PROBLEM: A word-for-word copy of the data, pictures excluded, is what this task asks for.

DATA BLOCK:
....................

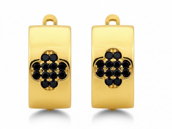 Kolczyki złote angielskie z wzorem koniczynki z czarnych cyrkonii
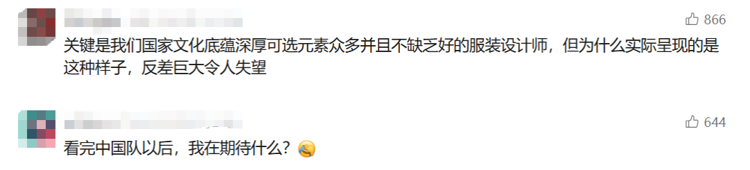 中國隊的服裝似乎總在傳統與現代之間反覆橫跳,鮮有令人眼前一亮的作品。
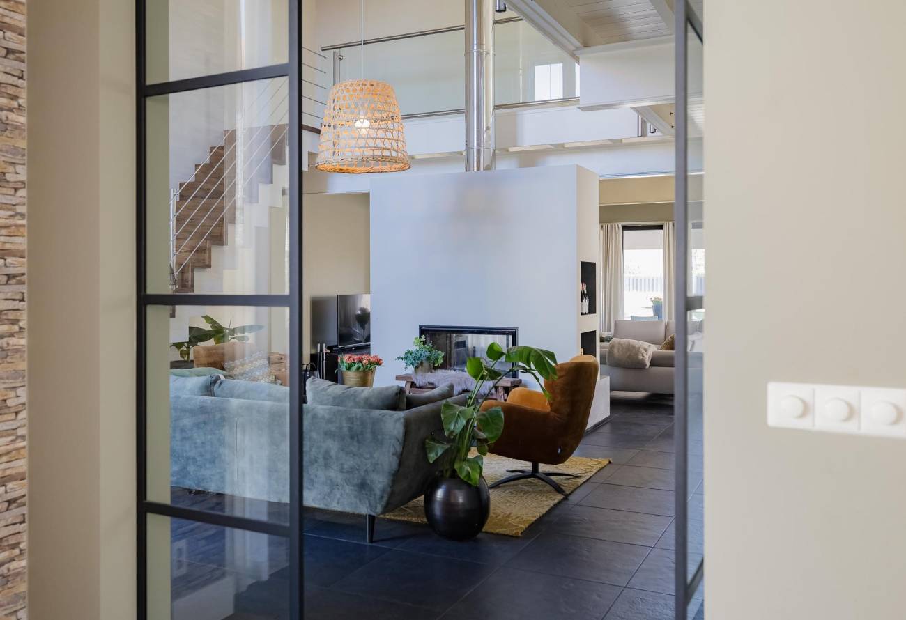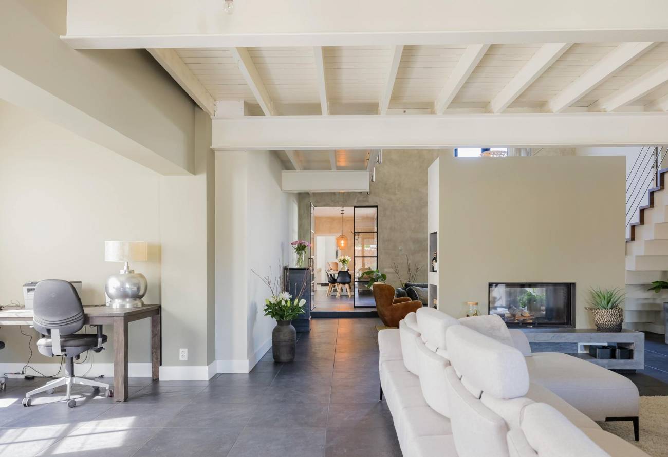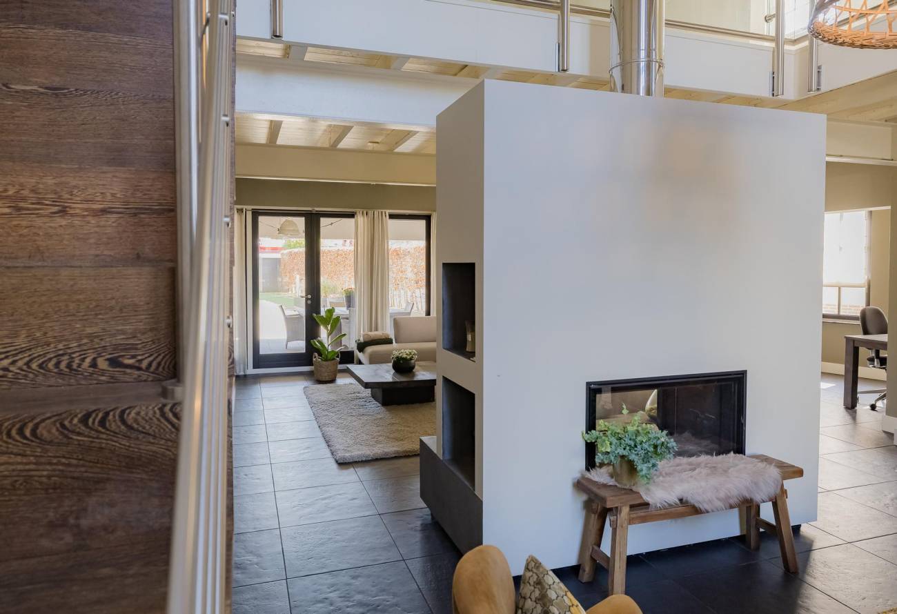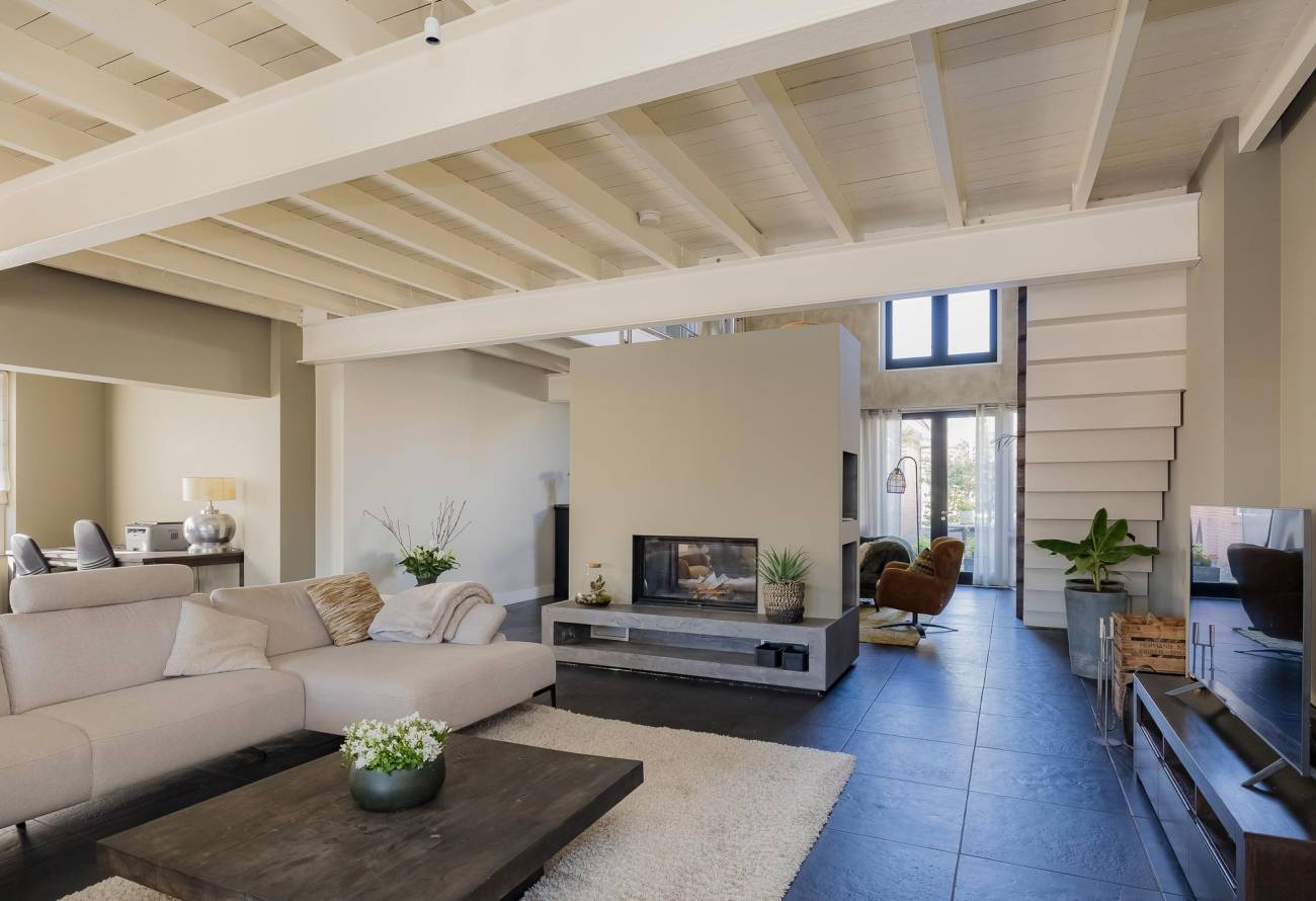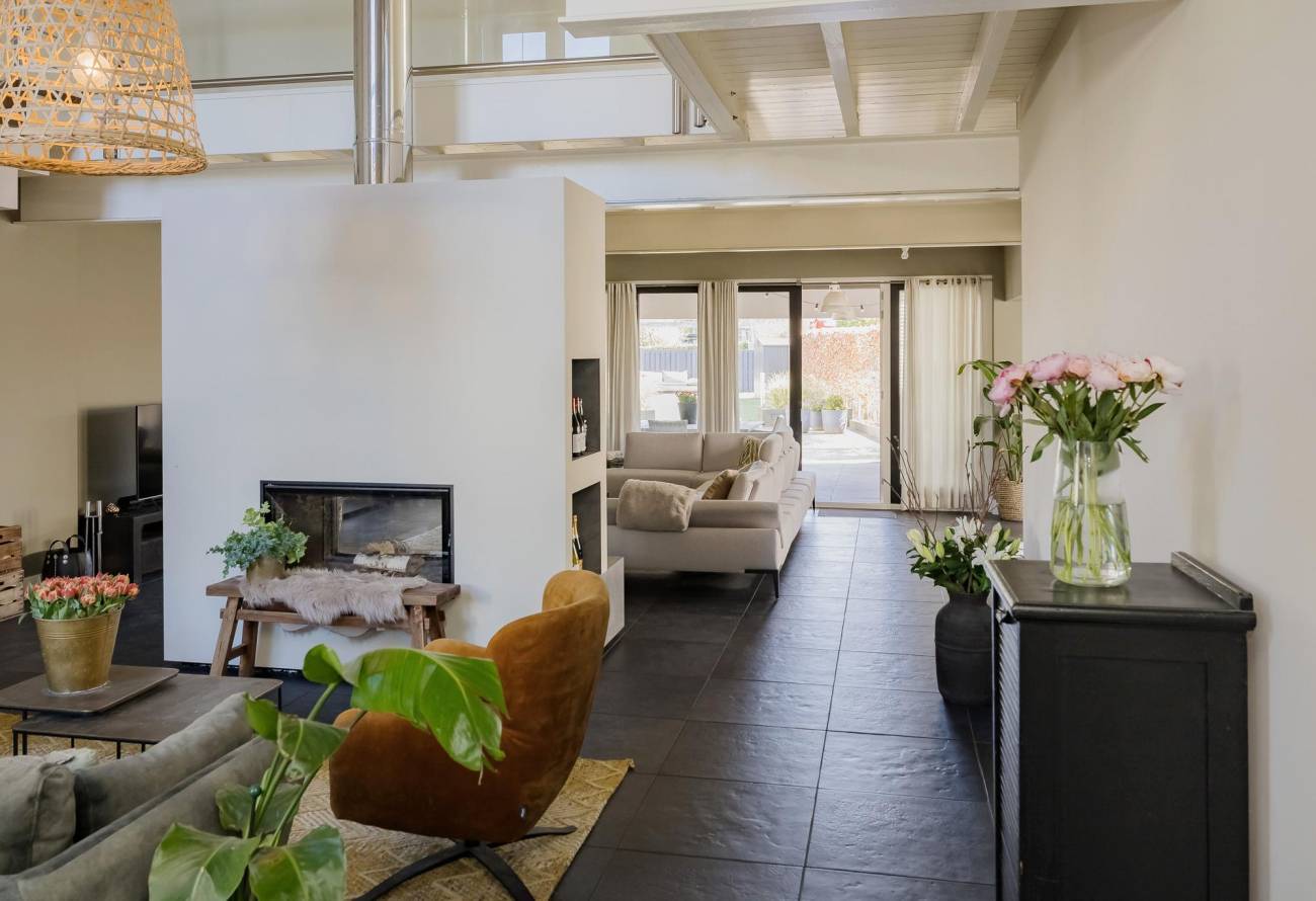 De oude bollenschuur is rondom geïsoleerd en verbouwd tot living. De riante woonkamer met vide en open haard is aan de ene zijde met een hoge stalen deur afgesloten van de keuken en aan de andere zijden geven openslaande deuren toegang tot de veranda en de zonnige tuin. Een roomdevider deelt de grote ruimte in 2 gezellige zitgedeeltes. Genoeg ruimte voor het hele gezin.

....................

ANSWER TO THE PROBLEM:
 Kolczyki złote angielskie z wzorem koniczynki z czarnych cyrkonii
 中國隊的服裝似乎總在傳統與現代之間反覆橫跳,鮮有令人眼前一亮的作品。
 De oude bollenschuur is rondom geïsoleerd en verbouwd tot living. De riante woonkamer met vide en open haard is aan de ene zijde met een hoge stalen deur afgesloten van de keuken en aan de andere zijden geven openslaande deuren toegang tot de veranda en de zonnige tuin. Een roomdevider deelt de grote ruimte in 2 gezellige zitgedeeltes. Genoeg ruimte voor het hele gezin.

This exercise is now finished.